Task.
Exclude the pictures and transcribe the rest of the data below exactly.

Supplied material.

'''

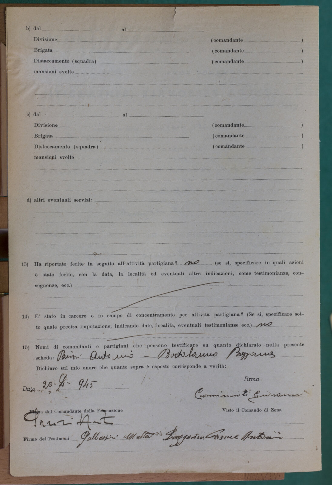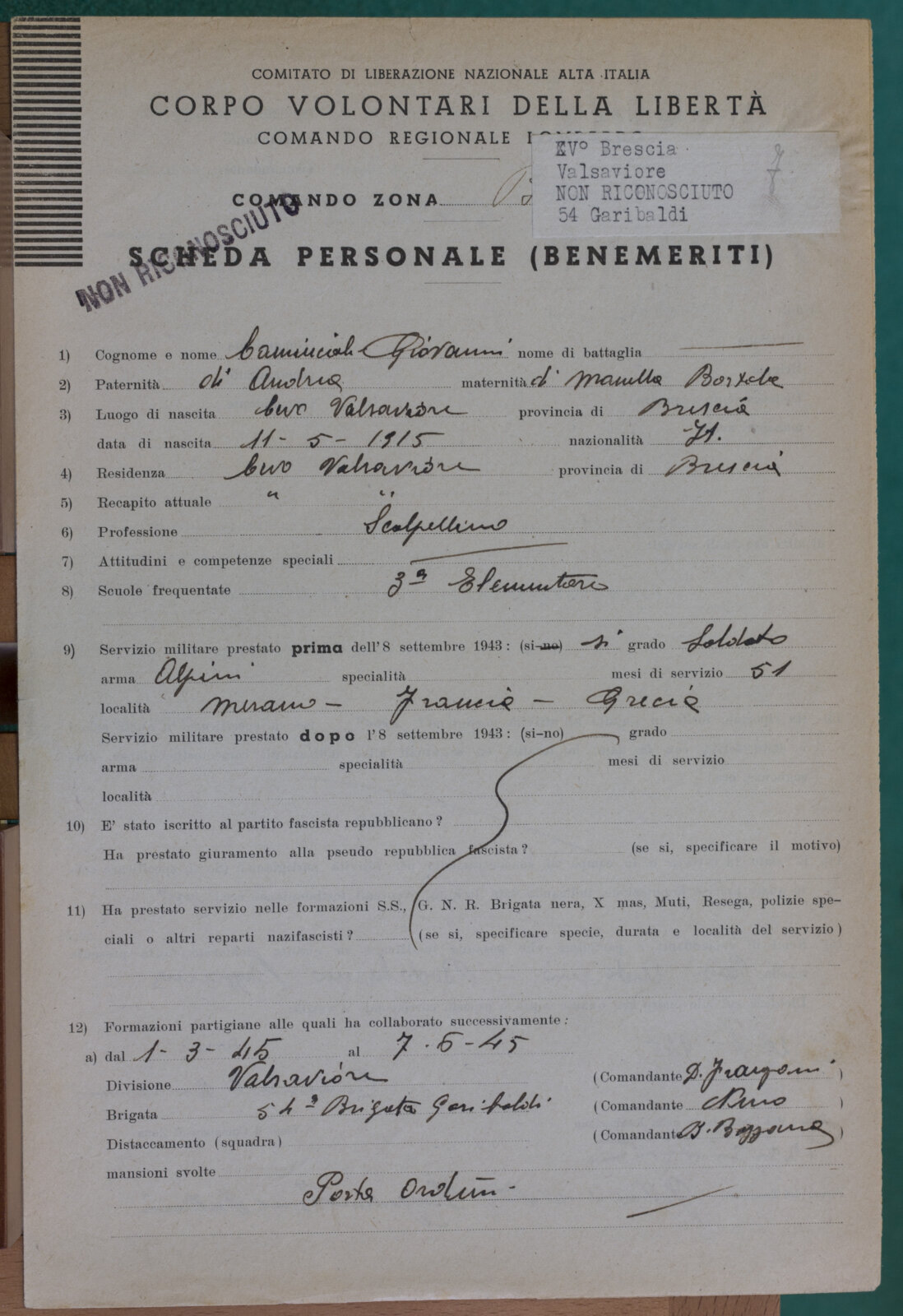 COMICIOLI GIOVANNI (11-05-1915) - Partigiano non riconosciuto
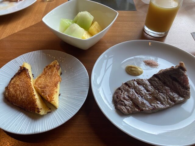 写真の見栄えが非常に良くないですが、朝からステーキをガッツリ食べられるのはすごいですね!!
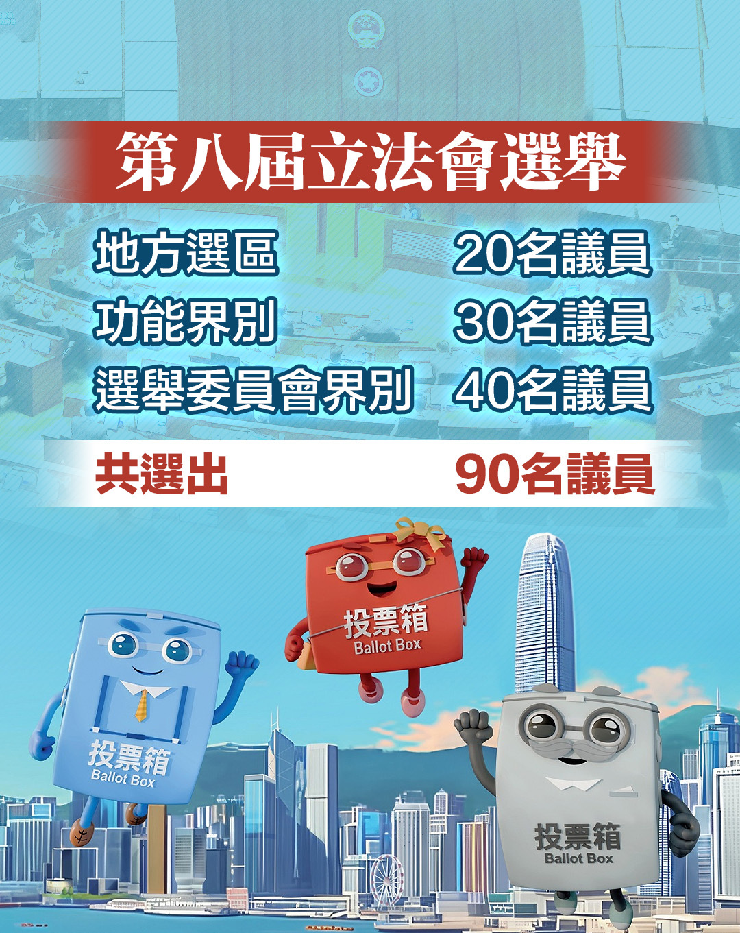 今次換屆選舉在地方選區選出20名議員、功能界別選出30名議員及選舉委員會界別選出40名議員,共選出90名議員。

'''

Written answer.
 COMICIOLI GIOVANNI (11-05-1915) - Partigiano non riconosciuto
 写真の見栄えが非常に良くないですが、朝からステーキをガッツリ食べられるのはすごいですね!!
 今次換屆選舉在地方選區選出20名議員、功能界別選出30名議員及選舉委員會界別選出40名議員,共選出90名議員。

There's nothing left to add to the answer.